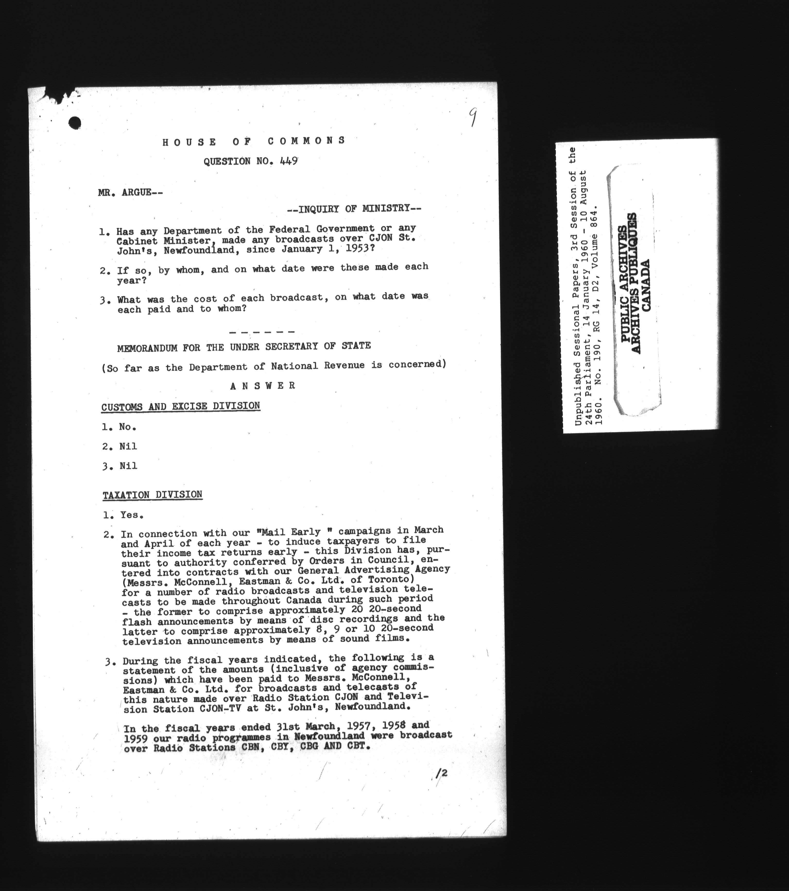 Unpublished sessional papers, 3rd Session, 24th Parliament - 3628
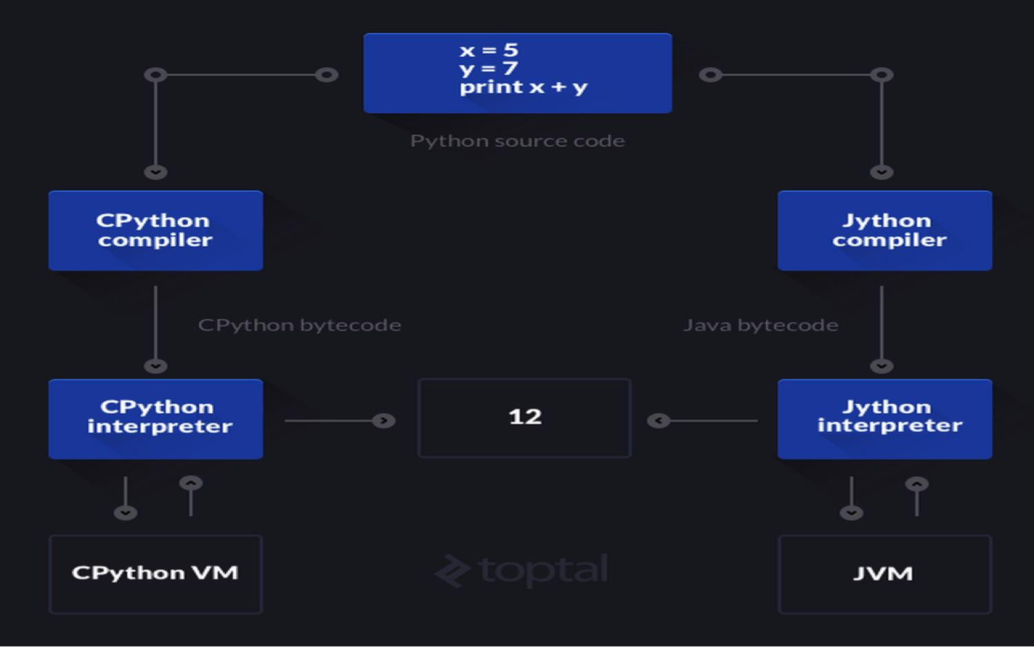Python的Java实现,Jython会将Python代码动态编译成Java字节码,然后在JVM上运行。
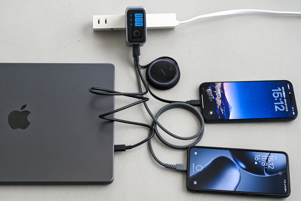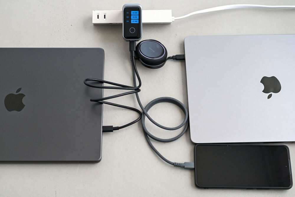 USB-C1を起点に2ポート接続した際は140W(C1)と100W(C2 or C3)に分配され、16インチMacBook Proすら2台同時急速充電が可能です。

*TASK DIRECTIONS*. Write out everything in the data word for word. Omit each picture.

*EXERCISE OUTPUT*.
 Unpublished sessional papers, 3rd Session, 24th Parliament - 3628
Python的Java实现,Jython会将Python代码动态编译成Java字节码,然后在JVM上运行。
 USB-C1を起点に2ポート接続した際は140W(C1)と100W(C2 or C3)に分配され、16インチMacBook Proすら2台同時急速充電が可能です。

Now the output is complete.